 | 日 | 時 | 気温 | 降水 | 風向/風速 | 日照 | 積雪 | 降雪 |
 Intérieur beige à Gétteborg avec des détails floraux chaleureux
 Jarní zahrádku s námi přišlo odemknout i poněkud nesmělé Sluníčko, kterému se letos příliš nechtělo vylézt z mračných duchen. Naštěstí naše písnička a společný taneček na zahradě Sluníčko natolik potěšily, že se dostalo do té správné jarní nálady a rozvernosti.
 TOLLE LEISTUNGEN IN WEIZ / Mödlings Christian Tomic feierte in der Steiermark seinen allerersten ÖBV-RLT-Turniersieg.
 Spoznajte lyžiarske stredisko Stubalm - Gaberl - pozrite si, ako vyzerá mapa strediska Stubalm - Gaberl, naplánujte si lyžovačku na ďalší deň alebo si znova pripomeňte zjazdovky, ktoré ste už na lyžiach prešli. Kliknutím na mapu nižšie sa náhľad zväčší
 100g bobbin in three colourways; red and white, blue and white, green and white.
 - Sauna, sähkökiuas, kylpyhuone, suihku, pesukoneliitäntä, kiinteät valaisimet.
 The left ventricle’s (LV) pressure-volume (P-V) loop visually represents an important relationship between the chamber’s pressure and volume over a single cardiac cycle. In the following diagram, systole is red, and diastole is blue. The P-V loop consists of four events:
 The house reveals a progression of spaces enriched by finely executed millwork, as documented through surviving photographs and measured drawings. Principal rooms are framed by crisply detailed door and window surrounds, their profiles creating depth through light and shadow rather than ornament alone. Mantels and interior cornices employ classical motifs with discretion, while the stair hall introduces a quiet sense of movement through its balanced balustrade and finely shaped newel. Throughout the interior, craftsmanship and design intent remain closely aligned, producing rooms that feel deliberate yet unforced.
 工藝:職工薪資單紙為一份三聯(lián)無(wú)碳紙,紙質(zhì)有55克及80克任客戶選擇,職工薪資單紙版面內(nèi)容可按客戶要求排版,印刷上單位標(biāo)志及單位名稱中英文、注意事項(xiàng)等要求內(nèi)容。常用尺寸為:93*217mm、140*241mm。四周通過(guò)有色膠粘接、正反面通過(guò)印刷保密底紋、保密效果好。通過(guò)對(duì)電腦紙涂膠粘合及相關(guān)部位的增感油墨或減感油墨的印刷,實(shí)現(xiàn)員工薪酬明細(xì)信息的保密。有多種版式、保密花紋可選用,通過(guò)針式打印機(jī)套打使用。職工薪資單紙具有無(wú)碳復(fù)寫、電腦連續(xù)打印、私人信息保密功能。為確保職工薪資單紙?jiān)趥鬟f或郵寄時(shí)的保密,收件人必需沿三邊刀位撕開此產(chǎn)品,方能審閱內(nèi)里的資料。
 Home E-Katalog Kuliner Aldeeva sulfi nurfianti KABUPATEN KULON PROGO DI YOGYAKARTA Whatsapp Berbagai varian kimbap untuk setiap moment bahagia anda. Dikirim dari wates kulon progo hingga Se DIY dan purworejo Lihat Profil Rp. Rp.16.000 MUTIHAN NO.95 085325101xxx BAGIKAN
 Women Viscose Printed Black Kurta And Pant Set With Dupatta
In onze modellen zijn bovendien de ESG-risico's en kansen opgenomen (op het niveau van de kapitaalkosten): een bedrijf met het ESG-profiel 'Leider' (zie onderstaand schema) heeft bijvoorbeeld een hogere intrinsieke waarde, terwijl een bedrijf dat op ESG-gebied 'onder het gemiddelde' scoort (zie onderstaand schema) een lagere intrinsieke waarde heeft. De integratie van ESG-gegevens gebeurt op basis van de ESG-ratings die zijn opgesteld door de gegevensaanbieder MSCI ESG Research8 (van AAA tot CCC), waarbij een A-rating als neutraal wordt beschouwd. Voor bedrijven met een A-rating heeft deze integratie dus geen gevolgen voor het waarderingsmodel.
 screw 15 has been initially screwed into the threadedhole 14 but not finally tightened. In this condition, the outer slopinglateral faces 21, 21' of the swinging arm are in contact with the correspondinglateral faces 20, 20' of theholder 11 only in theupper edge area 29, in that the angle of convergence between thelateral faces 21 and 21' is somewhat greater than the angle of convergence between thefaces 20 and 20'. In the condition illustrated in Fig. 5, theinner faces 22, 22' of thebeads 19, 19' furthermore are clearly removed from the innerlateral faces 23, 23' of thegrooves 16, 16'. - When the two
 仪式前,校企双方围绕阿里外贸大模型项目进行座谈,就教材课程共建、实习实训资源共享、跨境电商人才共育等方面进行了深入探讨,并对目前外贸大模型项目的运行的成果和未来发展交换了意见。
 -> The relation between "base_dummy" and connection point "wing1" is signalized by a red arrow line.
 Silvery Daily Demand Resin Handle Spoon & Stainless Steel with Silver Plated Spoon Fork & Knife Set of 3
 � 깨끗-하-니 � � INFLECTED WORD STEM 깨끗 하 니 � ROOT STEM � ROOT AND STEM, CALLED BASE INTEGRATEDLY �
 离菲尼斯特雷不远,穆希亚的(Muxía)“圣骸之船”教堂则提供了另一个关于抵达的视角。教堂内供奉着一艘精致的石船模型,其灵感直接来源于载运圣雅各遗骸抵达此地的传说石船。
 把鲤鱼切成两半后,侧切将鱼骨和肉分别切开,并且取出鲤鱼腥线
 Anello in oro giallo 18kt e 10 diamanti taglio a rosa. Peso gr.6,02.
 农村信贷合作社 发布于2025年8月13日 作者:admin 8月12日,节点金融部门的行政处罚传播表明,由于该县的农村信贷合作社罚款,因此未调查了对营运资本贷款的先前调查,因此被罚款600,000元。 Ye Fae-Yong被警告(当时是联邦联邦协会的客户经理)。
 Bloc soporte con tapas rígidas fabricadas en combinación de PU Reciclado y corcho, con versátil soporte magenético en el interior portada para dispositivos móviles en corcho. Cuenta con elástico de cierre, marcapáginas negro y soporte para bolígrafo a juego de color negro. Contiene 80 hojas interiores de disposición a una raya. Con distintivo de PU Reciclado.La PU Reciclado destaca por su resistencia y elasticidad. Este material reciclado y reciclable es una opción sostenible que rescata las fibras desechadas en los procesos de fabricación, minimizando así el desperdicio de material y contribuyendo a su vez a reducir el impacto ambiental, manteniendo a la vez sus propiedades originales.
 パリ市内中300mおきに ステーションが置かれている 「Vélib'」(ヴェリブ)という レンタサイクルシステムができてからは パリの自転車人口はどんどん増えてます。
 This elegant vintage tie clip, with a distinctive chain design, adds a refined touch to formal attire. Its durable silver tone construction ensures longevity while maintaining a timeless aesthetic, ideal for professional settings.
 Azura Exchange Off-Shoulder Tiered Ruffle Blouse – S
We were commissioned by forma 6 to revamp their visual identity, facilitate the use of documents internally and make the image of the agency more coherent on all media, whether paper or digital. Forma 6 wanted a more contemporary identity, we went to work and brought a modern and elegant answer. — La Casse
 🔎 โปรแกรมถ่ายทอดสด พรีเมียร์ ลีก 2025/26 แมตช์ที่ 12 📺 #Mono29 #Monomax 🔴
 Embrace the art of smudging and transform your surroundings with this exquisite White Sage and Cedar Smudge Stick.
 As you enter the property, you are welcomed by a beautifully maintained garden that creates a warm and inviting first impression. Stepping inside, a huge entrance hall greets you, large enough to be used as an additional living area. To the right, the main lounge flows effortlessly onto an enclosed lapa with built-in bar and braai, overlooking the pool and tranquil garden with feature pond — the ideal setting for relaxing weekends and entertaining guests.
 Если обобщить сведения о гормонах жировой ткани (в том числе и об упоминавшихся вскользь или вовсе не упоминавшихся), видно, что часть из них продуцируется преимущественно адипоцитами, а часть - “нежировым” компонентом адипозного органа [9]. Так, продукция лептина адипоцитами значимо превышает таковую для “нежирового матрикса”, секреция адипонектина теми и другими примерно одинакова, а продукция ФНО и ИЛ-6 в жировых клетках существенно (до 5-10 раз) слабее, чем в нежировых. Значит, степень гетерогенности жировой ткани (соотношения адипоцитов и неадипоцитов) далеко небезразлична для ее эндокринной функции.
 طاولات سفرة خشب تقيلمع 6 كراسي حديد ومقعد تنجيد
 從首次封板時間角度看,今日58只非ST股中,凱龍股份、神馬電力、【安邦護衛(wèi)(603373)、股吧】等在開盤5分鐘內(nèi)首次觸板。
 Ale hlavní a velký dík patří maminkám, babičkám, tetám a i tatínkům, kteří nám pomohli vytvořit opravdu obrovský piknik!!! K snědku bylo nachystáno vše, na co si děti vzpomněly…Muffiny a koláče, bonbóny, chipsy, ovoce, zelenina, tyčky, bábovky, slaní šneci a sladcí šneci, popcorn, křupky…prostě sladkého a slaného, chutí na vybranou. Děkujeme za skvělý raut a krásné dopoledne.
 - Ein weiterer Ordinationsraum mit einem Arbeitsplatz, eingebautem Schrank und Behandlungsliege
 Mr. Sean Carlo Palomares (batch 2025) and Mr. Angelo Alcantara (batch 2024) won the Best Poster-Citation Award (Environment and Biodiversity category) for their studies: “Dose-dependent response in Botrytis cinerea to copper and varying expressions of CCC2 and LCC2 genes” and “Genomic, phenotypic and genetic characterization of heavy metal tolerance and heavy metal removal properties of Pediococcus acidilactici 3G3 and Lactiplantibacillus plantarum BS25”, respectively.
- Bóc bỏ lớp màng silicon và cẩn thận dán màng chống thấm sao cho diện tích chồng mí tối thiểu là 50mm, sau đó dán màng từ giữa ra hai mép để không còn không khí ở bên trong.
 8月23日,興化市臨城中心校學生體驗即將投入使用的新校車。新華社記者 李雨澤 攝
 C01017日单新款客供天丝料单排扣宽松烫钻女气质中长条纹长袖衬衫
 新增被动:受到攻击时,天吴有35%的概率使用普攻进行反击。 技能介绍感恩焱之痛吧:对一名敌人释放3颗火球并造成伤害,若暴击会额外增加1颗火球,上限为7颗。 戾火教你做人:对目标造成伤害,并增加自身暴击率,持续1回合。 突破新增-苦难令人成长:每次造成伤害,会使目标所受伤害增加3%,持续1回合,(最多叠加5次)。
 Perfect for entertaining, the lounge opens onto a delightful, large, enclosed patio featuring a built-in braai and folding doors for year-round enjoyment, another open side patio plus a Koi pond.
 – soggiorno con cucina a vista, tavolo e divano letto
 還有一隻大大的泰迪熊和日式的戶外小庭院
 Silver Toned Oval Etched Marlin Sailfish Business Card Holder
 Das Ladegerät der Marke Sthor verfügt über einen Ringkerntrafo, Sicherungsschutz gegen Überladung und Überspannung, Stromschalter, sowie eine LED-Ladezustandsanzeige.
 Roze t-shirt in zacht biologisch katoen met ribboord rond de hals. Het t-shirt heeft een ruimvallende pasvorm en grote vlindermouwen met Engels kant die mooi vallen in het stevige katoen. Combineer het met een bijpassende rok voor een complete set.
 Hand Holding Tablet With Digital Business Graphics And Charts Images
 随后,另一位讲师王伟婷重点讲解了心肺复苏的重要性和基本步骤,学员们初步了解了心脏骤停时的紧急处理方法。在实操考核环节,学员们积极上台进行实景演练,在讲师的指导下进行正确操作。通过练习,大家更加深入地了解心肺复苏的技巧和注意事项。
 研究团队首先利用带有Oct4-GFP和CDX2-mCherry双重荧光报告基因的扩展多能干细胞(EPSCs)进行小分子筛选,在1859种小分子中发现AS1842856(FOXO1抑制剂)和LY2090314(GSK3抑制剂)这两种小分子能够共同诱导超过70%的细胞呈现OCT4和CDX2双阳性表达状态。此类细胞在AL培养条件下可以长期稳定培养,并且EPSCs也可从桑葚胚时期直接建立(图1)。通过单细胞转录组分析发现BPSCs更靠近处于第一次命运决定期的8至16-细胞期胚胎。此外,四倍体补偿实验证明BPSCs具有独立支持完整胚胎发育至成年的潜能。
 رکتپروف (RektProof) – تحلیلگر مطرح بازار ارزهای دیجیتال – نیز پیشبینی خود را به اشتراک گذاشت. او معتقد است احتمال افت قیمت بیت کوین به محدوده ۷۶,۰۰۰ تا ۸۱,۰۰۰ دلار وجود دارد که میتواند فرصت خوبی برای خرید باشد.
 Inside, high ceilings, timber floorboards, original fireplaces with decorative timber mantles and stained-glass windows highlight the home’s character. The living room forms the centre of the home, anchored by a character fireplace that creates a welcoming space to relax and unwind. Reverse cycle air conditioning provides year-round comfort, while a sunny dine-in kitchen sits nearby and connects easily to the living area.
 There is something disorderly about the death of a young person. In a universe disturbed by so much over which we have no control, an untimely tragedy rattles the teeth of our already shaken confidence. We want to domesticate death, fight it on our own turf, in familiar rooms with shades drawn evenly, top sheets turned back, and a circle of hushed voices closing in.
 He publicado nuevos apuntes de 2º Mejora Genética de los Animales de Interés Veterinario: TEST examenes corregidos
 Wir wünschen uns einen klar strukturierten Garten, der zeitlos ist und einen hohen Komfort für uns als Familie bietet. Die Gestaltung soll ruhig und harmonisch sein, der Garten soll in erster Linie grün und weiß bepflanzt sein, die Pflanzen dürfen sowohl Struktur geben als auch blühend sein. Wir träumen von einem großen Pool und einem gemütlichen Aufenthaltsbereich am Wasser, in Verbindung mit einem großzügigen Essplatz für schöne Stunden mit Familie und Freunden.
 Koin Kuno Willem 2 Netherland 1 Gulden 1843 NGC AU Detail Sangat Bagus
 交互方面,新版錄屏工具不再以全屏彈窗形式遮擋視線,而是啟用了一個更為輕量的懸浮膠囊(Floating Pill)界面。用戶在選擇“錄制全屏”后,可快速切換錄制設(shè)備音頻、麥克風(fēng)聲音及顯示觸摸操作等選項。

WORK REQUEST >> All that is wanted is the stretch of lines above from the one containing "Home E-Katalog Kuliner" through the one containing "Women Viscose Printed", duplicated exactly.

RESPONSE TO THIS TASK >>
 Home E-Katalog Kuliner Aldeeva sulfi nurfianti KABUPATEN KULON PROGO DI YOGYAKARTA Whatsapp Berbagai varian kimbap untuk setiap moment bahagia anda. Dikirim dari wates kulon progo hingga Se DIY dan purworejo Lihat Profil Rp. Rp.16.000 MUTIHAN NO.95 085325101xxx BAGIKAN
 Women Viscose Printed Black Kurta And Pant Set With Dupatta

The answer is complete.